%%
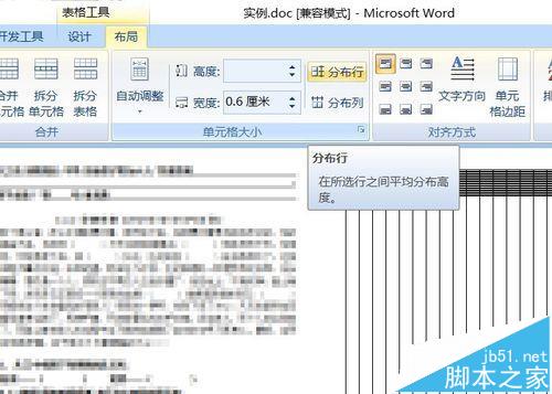 5、拉开后,表格只是最后一行被拉长,如图。选择布局——单元格大小——分布行,将各行平均分布。
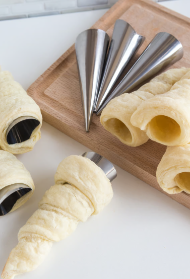 Want an easy way to create impressive desserts and appetizers for your guests? This set of six Cream Horn Molds is just what you need for your next party or special occasion. Constructed of sturdy, sleek tin-plated steel, these metal cones provide the necessary shape of the popular delicate, flaky pastries. To use, simply wrap the cream horn forms with homemade or store-bought puff pastry, bake, then fill with your favorite custard, fruits or other filling! Sweet or savory, the opportunities are endless. Experience the fun, simple way of creating beautiful, eye-catching treats and desserts.
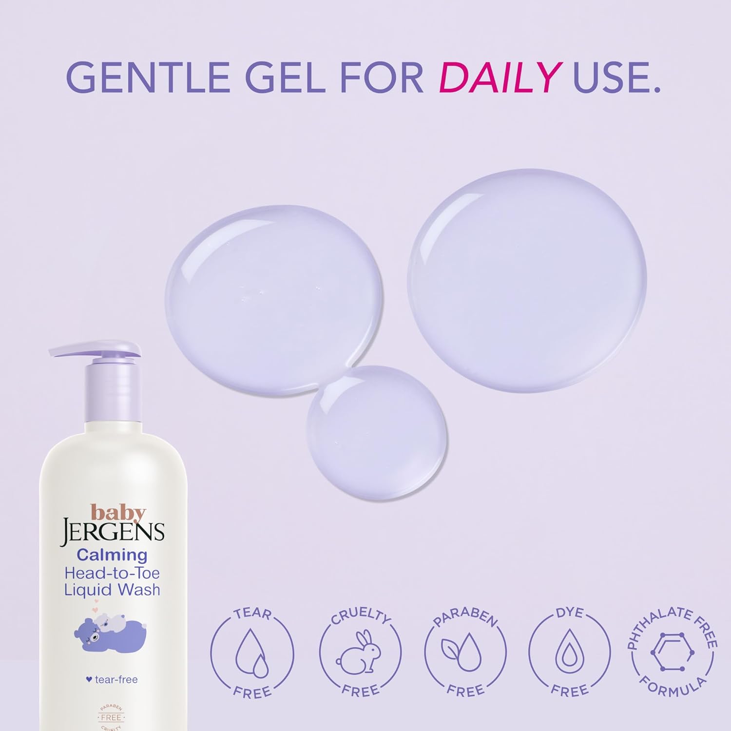 The new Baby Jergens collection is a familiar kind of feel good because it’s a brand that’s been trusted for generations. And if you’re new to the Baby Jergens collection, Baby Jergens Calming Head to Toe Liquid Baby Wash is a perfect product to try. It’s a tear free baby wash and shampoo that gently cleanses and moisturizes your baby’s skin and hair. But don’t worry– it doesn’t dry skin out! Pediatrician and dermatologist tested, this body wash is great for baby's delicate skin and hair. Feel good knowing that it’s also paraben free, phthalate free formula, artificial dye free and cruelty free too. This formula is manufactured using 100% certified renewable energy and this baby wash formula is safe for the environment by maximizing biodegradability and respecting aquatic life. Not only is it suitable for your baby, but this baby shampoo and body wash can be part of a night time routine to help calm your baby before bed. Infused with Shea and lavender oils, our baby wash creates a soothing atmosphere that’s comforting at night time when paired with Baby Jergens Calming Lotion. Use this calming routine daily for sweeter dreams: first, run a warm bath. Next, spread 1-2 pumps of the baby wash onto your baby’s skin and hair. Then rinse thoroughly, dry off, pair with the Baby Jergens Calming Lotion and snuggle up. Try our whole line of gentle, nurturing baby products from Jergens, a brand trusted for generations. Baby Jergens Calming Lotion softens, Baby Jergens Soothing Sensitive Skin Cream soothes dry skin and Baby Jergens All-Purpose Ointment helps lock in moisture. The whole collection gives you that feel-good feeling because Jergens has been around for over a hundred years, using trusted ingredients that you can feel good about using on even the tiniest loved ones in your family,GENTLY CLEANSES - This tear free baby shampoo and body wash gently cleanses and moisturizes your baby’s delicate skin and hair without drying out skin,CALMING BABY HEAD-TO-TOE WASH - Infused with shea and lavender oils, this wash when paired with Baby Jergens Calming Lotion, creates a calm, soothing atmosphere for your baby's nighttime routine,BATH-SIDE PUMP - Reach for this baby wash–it dispenses easily so you can lather it in your hands,INGREDIENTS YOU CAN TRUST - Pediatrician and dermatologist tested, this body wash is great for baby's delicate skin, paraben free, phthalate free formula, free of artificial dyes and cruelty free too,MORE THAN BABY WASH AND SHAMPOO - Try our whole line of gentle, nurturing baby products that soften, nourish, soothe and cleanse, from a brand trusted for generations
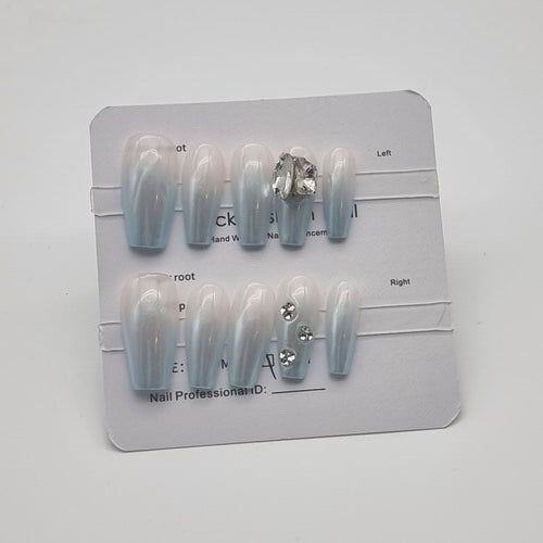 Embrace the cool elegance of winter with our "Blue Winter" press-on nails. These stunning nails capture the serene beauty of wintertime, featuring a delicate gradient of icy blue tones accented with sparkling rhinestones.
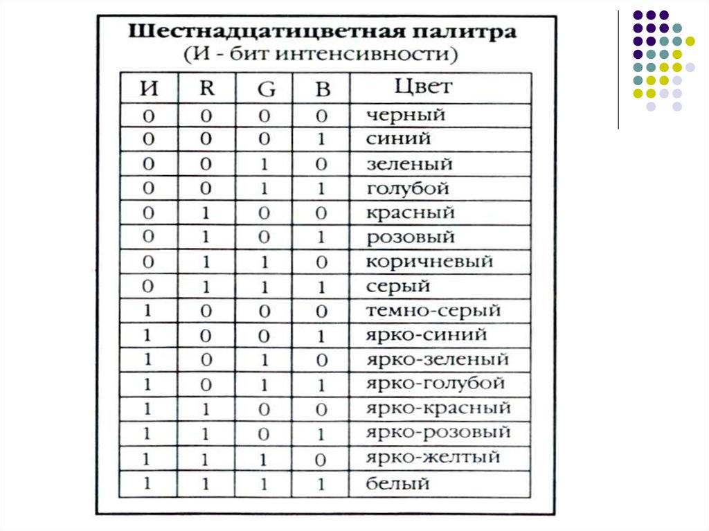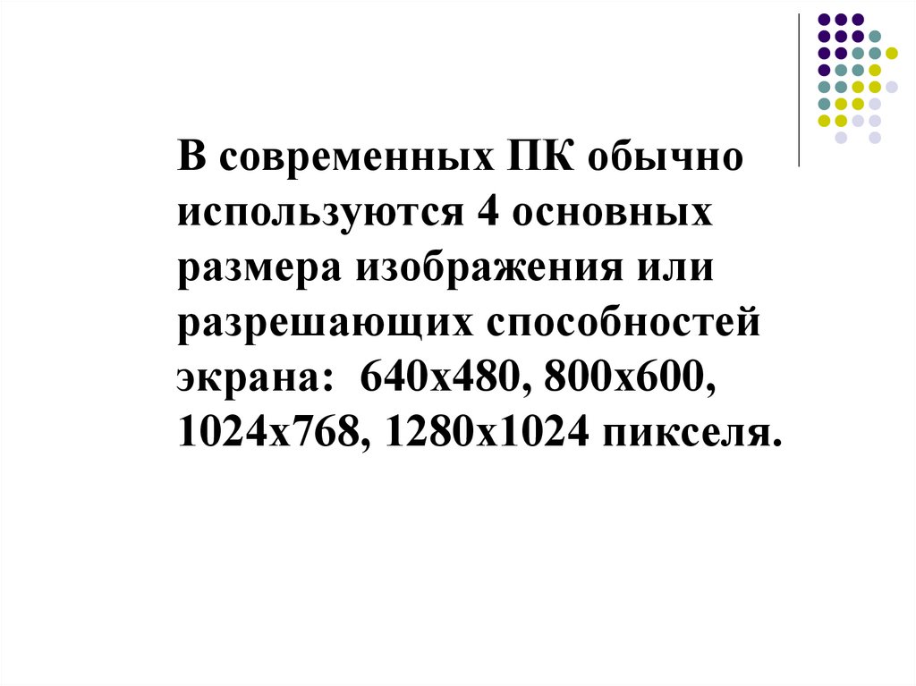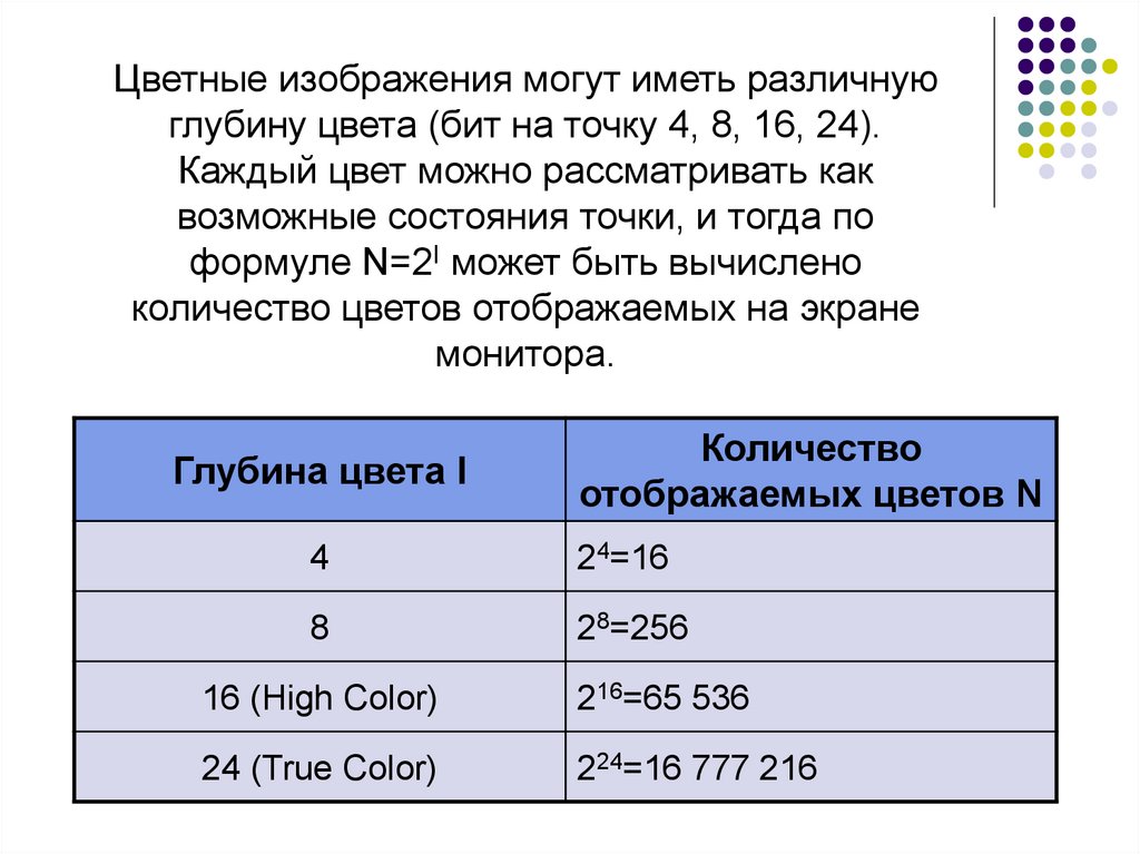 Цветные изображения могут иметь различнуюглубину цвета (бит на точку 4, 8, 16, 24).
%%
- [What to do]
Transcribe each record exactly as it stands, setting aside any pictures.

- [Exercise result]
 5、拉开后,表格只是最后一行被拉长,如图。选择布局——单元格大小——分布行,将各行平均分布。
 Want an easy way to create impressive desserts and appetizers for your guests? This set of six Cream Horn Molds is just what you need for your next party or special occasion. Constructed of sturdy, sleek tin-plated steel, these metal cones provide the necessary shape of the popular delicate, flaky pastries. To use, simply wrap the cream horn forms with homemade or store-bought puff pastry, bake, then fill with your favorite custard, fruits or other filling! Sweet or savory, the opportunities are endless. Experience the fun, simple way of creating beautiful, eye-catching treats and desserts.
 The new Baby Jergens collection is a familiar kind of feel good because it’s a brand that’s been trusted for generations. And if you’re new to the Baby Jergens collection, Baby Jergens Calming Head to Toe Liquid Baby Wash is a perfect product to try. It’s a tear free baby wash and shampoo that gently cleanses and moisturizes your baby’s skin and hair. But don’t worry– it doesn’t dry skin out! Pediatrician and dermatologist tested, this body wash is great for baby's delicate skin and hair. Feel good knowing that it’s also paraben free, phthalate free formula, artificial dye free and cruelty free too. This formula is manufactured using 100% certified renewable energy and this baby wash formula is safe for the environment by maximizing biodegradability and respecting aquatic life. Not only is it suitable for your baby, but this baby shampoo and body wash can be part of a night time routine to help calm your baby before bed. Infused with Shea and lavender oils, our baby wash creates a soothing atmosphere that’s comforting at night time when paired with Baby Jergens Calming Lotion. Use this calming routine daily for sweeter dreams: first, run a warm bath. Next, spread 1-2 pumps of the baby wash onto your baby’s skin and hair. Then rinse thoroughly, dry off, pair with the Baby Jergens Calming Lotion and snuggle up. Try our whole line of gentle, nurturing baby products from Jergens, a brand trusted for generations. Baby Jergens Calming Lotion softens, Baby Jergens Soothing Sensitive Skin Cream soothes dry skin and Baby Jergens All-Purpose Ointment helps lock in moisture. The whole collection gives you that feel-good feeling because Jergens has been around for over a hundred years, using trusted ingredients that you can feel good about using on even the tiniest loved ones in your family,GENTLY CLEANSES - This tear free baby shampoo and body wash gently cleanses and moisturizes your baby’s delicate skin and hair without drying out skin,CALMING BABY HEAD-TO-TOE WASH - Infused with shea and lavender oils, this wash when paired with Baby Jergens Calming Lotion, creates a calm, soothing atmosphere for your baby's nighttime routine,BATH-SIDE PUMP - Reach for this baby wash–it dispenses easily so you can lather it in your hands,INGREDIENTS YOU CAN TRUST - Pediatrician and dermatologist tested, this body wash is great for baby's delicate skin, paraben free, phthalate free formula, free of artificial dyes and cruelty free too,MORE THAN BABY WASH AND SHAMPOO - Try our whole line of gentle, nurturing baby products that soften, nourish, soothe and cleanse, from a brand trusted for generations
 Embrace the cool elegance of winter with our "Blue Winter" press-on nails. These stunning nails capture the serene beauty of wintertime, featuring a delicate gradient of icy blue tones accented with sparkling rhinestones.
 Цветные изображения могут иметь различнуюглубину цвета (бит на точку 4, 8, 16, 24).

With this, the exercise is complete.